= DATASET =
*** Begin section ***
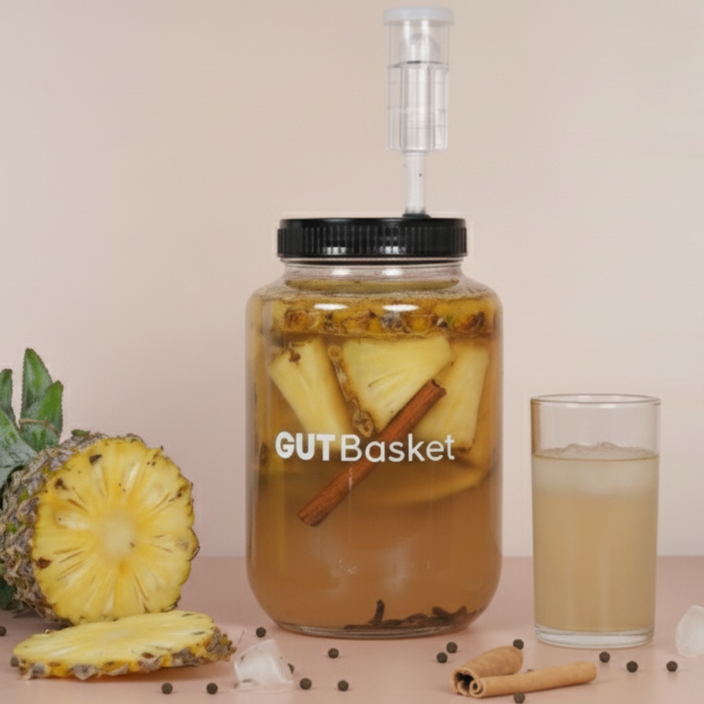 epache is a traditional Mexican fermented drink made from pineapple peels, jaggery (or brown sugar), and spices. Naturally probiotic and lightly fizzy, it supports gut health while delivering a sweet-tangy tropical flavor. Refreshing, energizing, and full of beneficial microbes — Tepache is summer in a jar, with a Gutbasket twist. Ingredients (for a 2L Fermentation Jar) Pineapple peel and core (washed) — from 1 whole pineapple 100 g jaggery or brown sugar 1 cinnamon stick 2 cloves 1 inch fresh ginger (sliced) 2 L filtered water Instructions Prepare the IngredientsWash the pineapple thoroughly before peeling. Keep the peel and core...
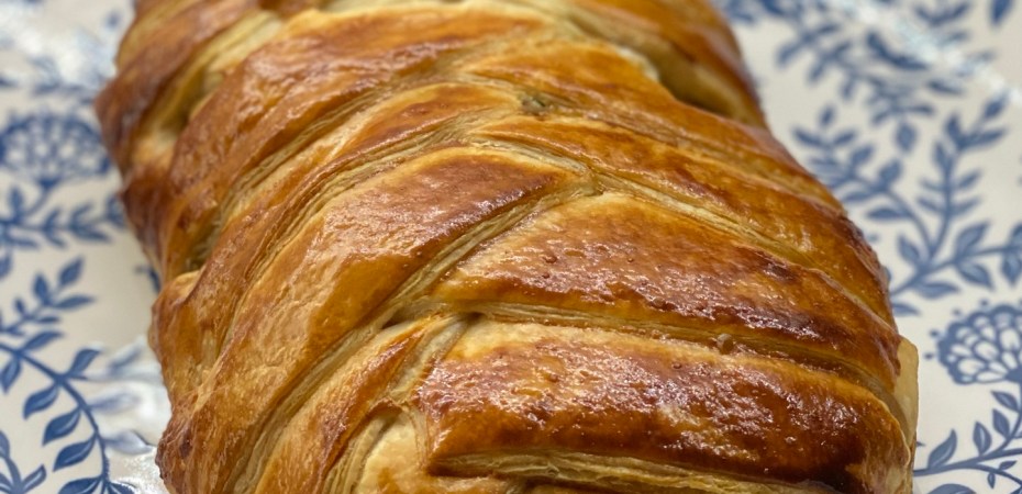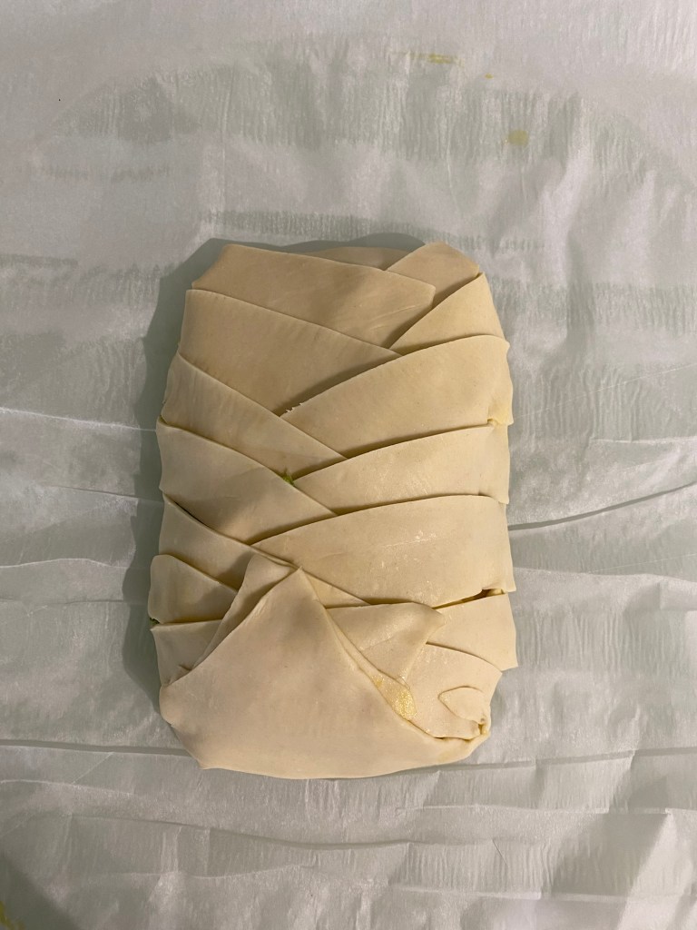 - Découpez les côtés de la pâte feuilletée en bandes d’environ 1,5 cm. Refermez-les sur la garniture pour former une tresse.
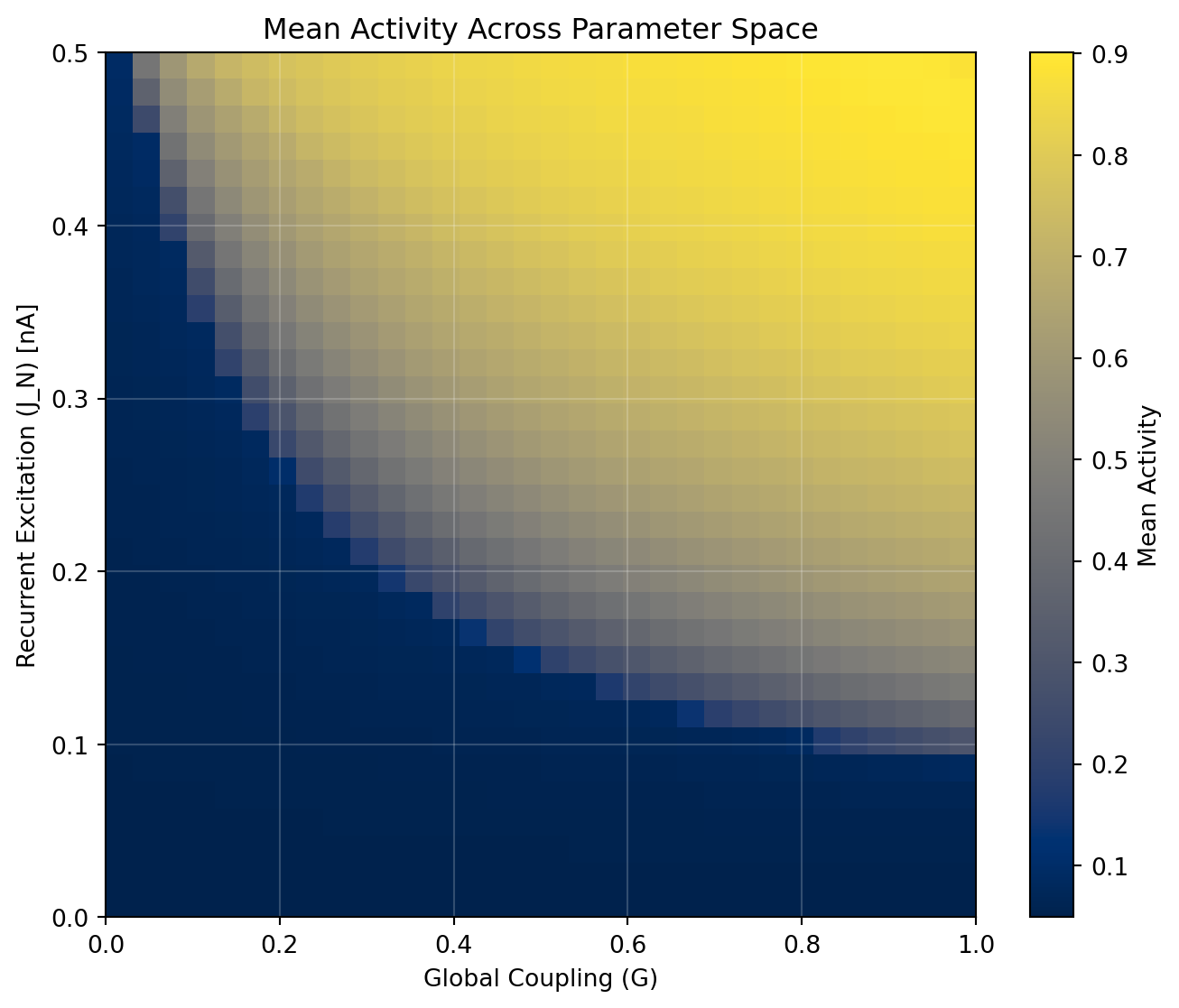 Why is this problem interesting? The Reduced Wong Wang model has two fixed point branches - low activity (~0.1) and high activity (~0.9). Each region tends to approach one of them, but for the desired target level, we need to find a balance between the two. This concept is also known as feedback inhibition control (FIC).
*** End section ***
*** Begin section ***
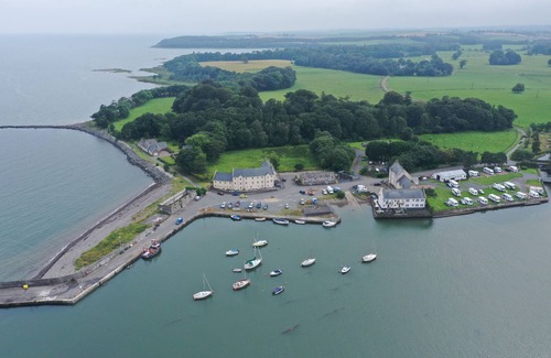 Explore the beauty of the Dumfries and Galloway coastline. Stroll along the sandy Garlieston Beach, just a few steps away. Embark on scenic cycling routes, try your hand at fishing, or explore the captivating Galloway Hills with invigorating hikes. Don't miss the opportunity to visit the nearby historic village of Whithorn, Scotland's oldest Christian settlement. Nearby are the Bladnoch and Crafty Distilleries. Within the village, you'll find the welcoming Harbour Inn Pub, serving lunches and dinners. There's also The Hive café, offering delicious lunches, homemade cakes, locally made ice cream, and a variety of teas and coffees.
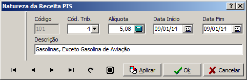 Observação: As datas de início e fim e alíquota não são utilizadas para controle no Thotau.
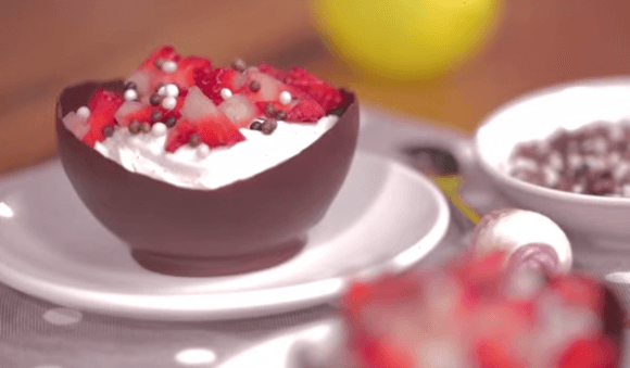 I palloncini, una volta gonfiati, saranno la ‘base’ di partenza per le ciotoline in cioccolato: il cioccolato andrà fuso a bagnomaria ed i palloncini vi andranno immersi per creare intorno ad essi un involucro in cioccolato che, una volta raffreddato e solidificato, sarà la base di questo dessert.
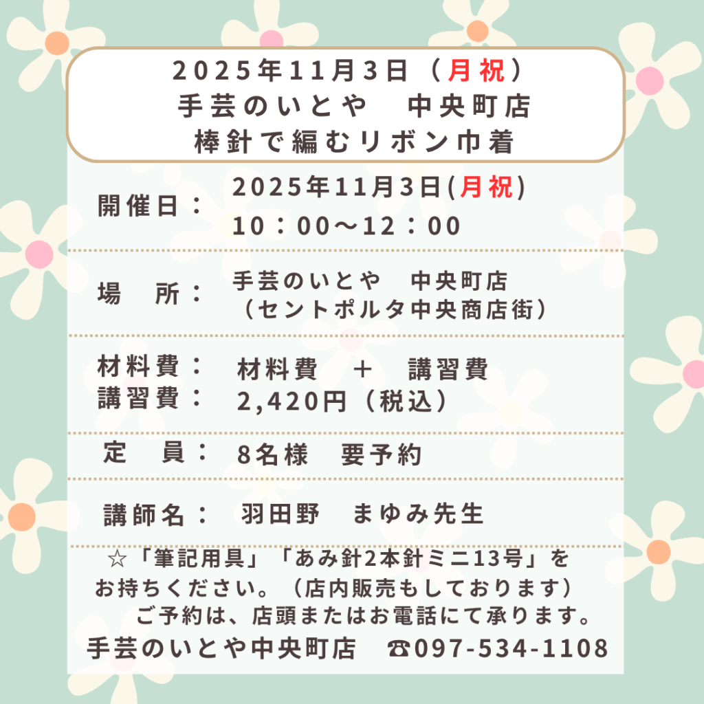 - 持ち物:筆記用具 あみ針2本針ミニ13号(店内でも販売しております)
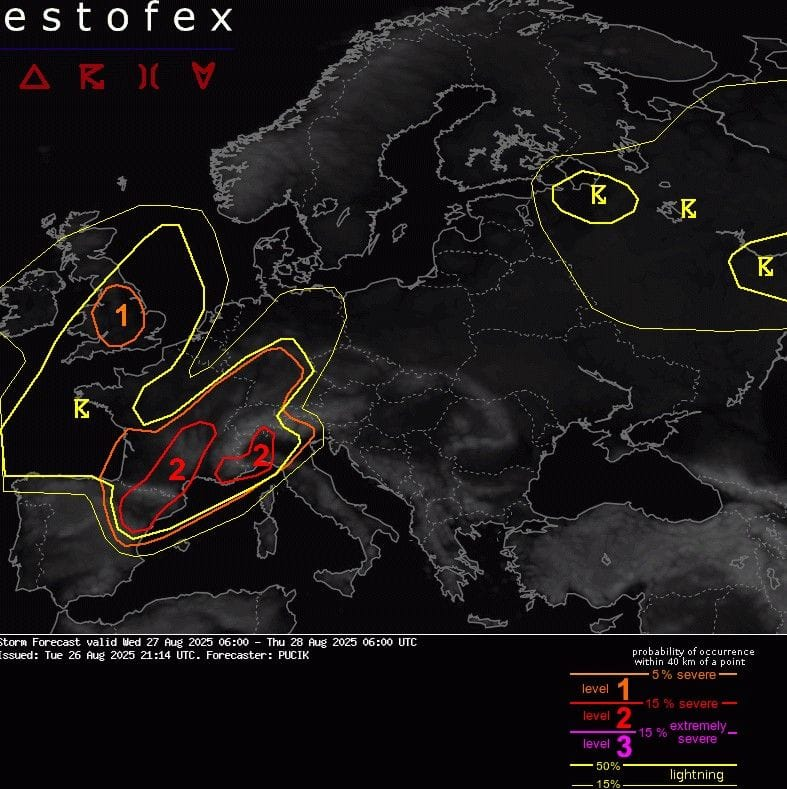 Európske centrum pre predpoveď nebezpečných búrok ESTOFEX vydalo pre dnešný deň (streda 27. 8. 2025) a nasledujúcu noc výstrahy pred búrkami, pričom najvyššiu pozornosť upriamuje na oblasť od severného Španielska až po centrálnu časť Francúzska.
*** End section ***
= PROBLEM TO SOLVE =
Pictures in the material above should be skipped; print exactly the lines from the one with "epache is a" through the one with "- Découpez les".

= SOLVED EXERCISE =
 epache is a traditional Mexican fermented drink made from pineapple peels, jaggery (or brown sugar), and spices. Naturally probiotic and lightly fizzy, it supports gut health while delivering a sweet-tangy tropical flavor. Refreshing, energizing, and full of beneficial microbes — Tepache is summer in a jar, with a Gutbasket twist. Ingredients (for a 2L Fermentation Jar) Pineapple peel and core (washed) — from 1 whole pineapple 100 g jaggery or brown sugar 1 cinnamon stick 2 cloves 1 inch fresh ginger (sliced) 2 L filtered water Instructions Prepare the IngredientsWash the pineapple thoroughly before peeling. Keep the peel and core...
 - Découpez les côtés de la pâte feuilletée en bandes d’environ 1,5 cm. Refermez-les sur la garniture pour former une tresse.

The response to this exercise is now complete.